September 11, the Bali attacks and the Madrid railway bombing were acts of armed aggression by a movement of retrograde religious fanatics whose idea of modernity dates from the 7th century.

We are engaged in a conflict in which no compromise is possible because the world for which these jihadist holy warriors are fighting looks a lot like Afghanistan under the Taliban.

Two months after the collapse of the World Trade Centre, Bush issued a military order that reflected this altered state of global reality. The terrorist attacks against America, he declared, were "on a scale that has created a state of armed conflict that requires the use of the United States armed forces".

But there are those who still insist on applying the rules of the solicitor to what is in reality the realm of the soldier.

US Supreme Court judge Robert Jackson once wrote that the constitution and bill of rights were not a "suicide pact". Jackson would know. He served as the chief Allied prosecutor at the Nazi war crimes trial at Nuremburg.

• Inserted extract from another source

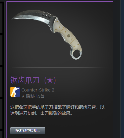 【完美段位:B:1451-1600】5e授信完美老兵丶原皮锯齿爪子刀丶op锯齿爪刀
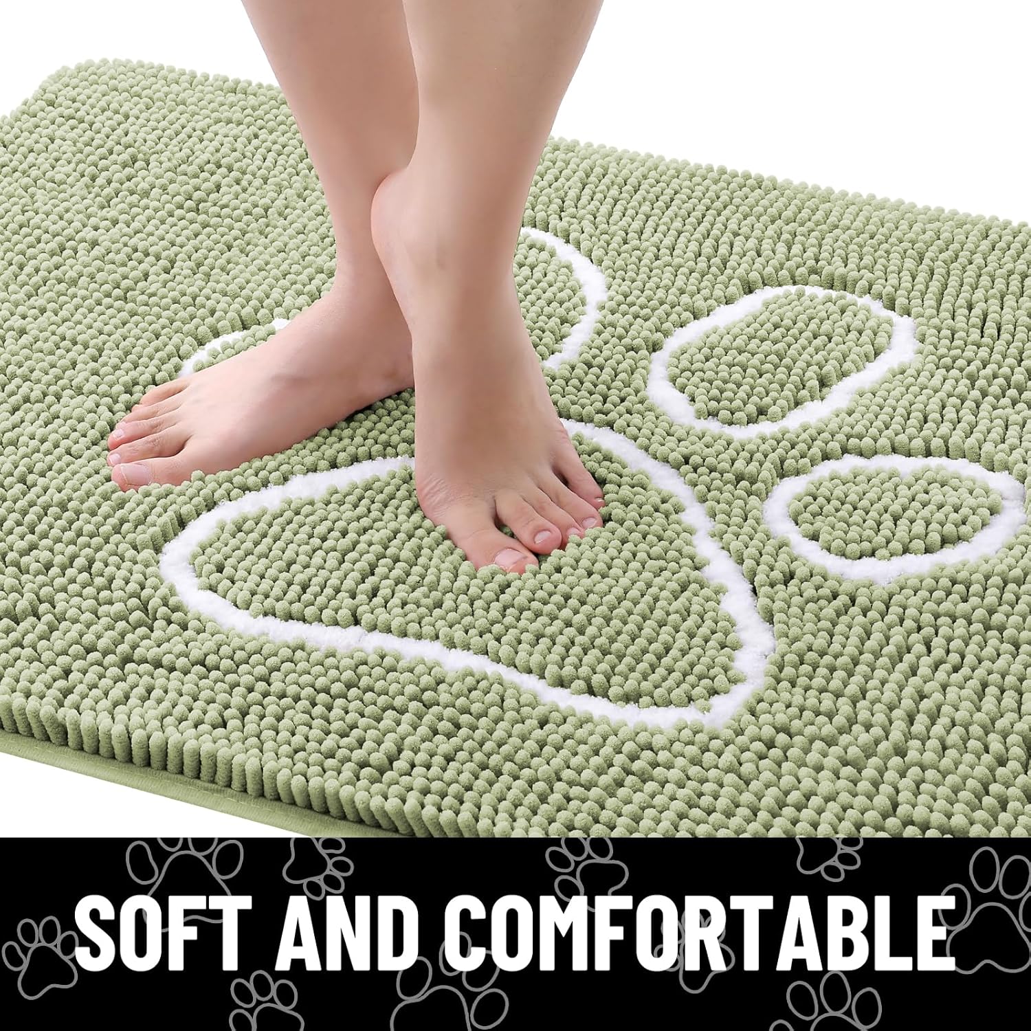 Smiry Dog Door Mat for Muddy Paws, Absorbent Dirt Trapper Non Slip Quick Dry Washable Chenille Mat for Mud Dogs, Entry Rug for Indoor and Outdoor (47x24 Inches, Sage Green)

If a temporary infringement upon peacetime civil liberties is necessary to prevent the next mass-casualty terrorist attack, is that a greater offence against morality than allowing the slaughter of innocents to proceed unhindered?

The sooner we accept the unpleasant fact that this is a war, the sooner we can get on with the task of winning it.

Despite the apocalyptic prognostications of civil libertarians, the sky has not fallen in on American or Australian democracy. The ASIO legislation and the USA Patriot Act are quite moderate by comparison with the wartime regime of Abraham Lincoln.

Lincoln is hailed as a hero of democracy by many of the same people who revile Bush as a tyrant. But if Lincoln's example teaches us anything, it is that freedom is never free, and that liberty must sometimes be protected by less than liberal means.

Ted Lapkin is associate editor of The Review, a journal of analysis and opinion published by the Australia/Israel and Jewish Affairs Council.